You’ve almost definitely heard about PTSD somewhere before. It’s a pretty well-known mental illness portrayed in a lot of movies and books. It is also common knowledge that exposure to trauma causes it. But what exactly happens in the brain to bring about the unique long-term response to trauma? Why does it happen that a group of people experience the same trauma, but only some develop PTSD? Say a terrorist group abducted a group of about 200 students from their school. What puts some of these students at risk of developing PTSD after release, and some not?
PTSD, an initialism that stands for Post-Traumatic Stress Disorder, is precisely that — a disordered response to traumatic stress after it has happened. This is not the regular headaches, anxiety, and moodiness during and after a stressful experience. It is quite different. A significant distinction between PTSD and a normal stress response is duration. If you or someone close to you ever experiences something traumatic, symptoms of mental distress should ease up after, at most, eight weeks. Once there’s still a significant level of discomfort after that time has passed, then it has gone beyond a normal trauma response.
What Puts You at Risk of Developing PTSD?
The abducted students I referred to at the beginning will, unfortunately, all likely end up having a form of mental distress. But how long that lasts and whether it becomes Post-Traumatic Stress Disorder depends on a few factors. Those factors range from their genetics to how much support they receive from family and friends.
Here are some of the things that put a person at risk of developing PTSD after experiencing trauma:
- History of substance abuse
- History of mental illness
- Childhood trauma or other past traumatic experiences
- Having no significant social support
- Family history of PTSD or other mental illnesses
- Experiencing further stress after the event
- Having poor coping skills
How The Brain Responds To Trauma
The major parts of the brain that trauma affects are the amygdala, the prefrontal cortex, and the hippocampus. The effects of trauma are widespread throughout the brain, but those three are the main parts affected.
This is the seat of our fight-or-flight response, which also plays a significant role in memory.
In 1994, some American scientists studied a woman with a destroyed amygdala. She had lost the ability to both recognize and experience fear. Nicknamed ‘SM’, she’s the only clinically fearless person ever studied.

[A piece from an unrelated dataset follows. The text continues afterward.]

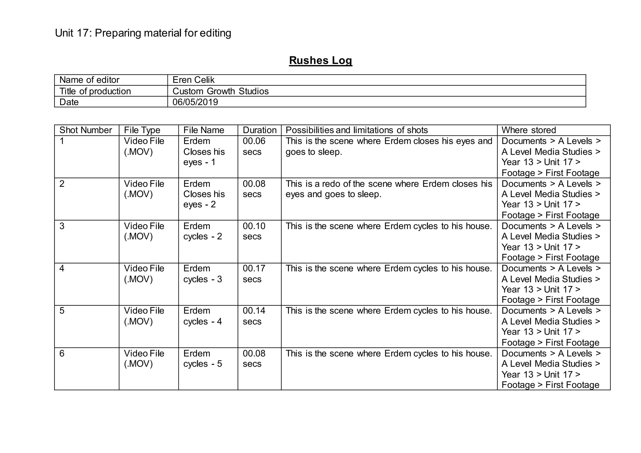 This rushes log from editor Eren Celik contains details of 44 video clips filmed for the production "Custom Growth Studios". Each clip is listed with its file name, duration, brief description and file location. The clips depict scenes of the character Erdem cycling, walking around his house and garden, interacting with his phone, and being attacked by a monster. Many of the clips will need to be trimmed or cut to shorten their duration for the final edited video.

Studies have shown that in people with PTSD, the amygdala is overactive. This accounts for some of the symptoms of PTSD, which include:
- Heightened fear
- Difficulty calming down (overwhelming anxiety)
- Disproportionate response to being startled. For example, leaping up when someone taps you on the shoulder.
This is the actual store for memories in the brain. Of course, memories are not “filed away” in the brain, but if they were, this would be the storage cabinet. Studies show that some people who have remarkable memory have a very active hippocampus. It also helps us to distinguish between the past and the present. That is, what we’re experiencing and what we’re remembering. It’s all tied into its memory function. Unfortunately, people with PTSD usually have decreased activity in their hippocampus whenever a traumatic memory is triggered.
It works somewhat like this:
The brain doesn’t adequately process the trauma when it happens. Because of this, the hippocampus affected by PTSD presents the memory as a current event. The person with PTSD feels like it is happening right at that moment. This is what causes the very vivid flashbacks characteristic of the disorder. The brain’s trauma response team (the amygdala being the captain) can’t also tell the difference. It sends the person into fight-or-flight mode when the flashback occurs.
The Prefrontal Cortex
This is where we get our rationality. Every time you tell yourself, “Calm down,” and try to talk yourself through your fear, it’s your prefrontal cortex doing the heavy lifting. It serves as an analytical balance to the emotions the amygdala feeds us. When an event triggers the memory of a traumatic experience, studies have shown that the prefrontal cortex is less active than usual.
This explains another symptom of PTSD, the immense difficulty in managing fear and anxiety. Though the person with post-traumatic stress disorder may know that there is no immediate threat, they still feel like there is. This makes the panic overwhelming and difficult to control.
The understanding of how trauma affects the brain has proven essential in treating the disorder. It can also help us better understand our minds when we experience something traumatic and help us better cope with it.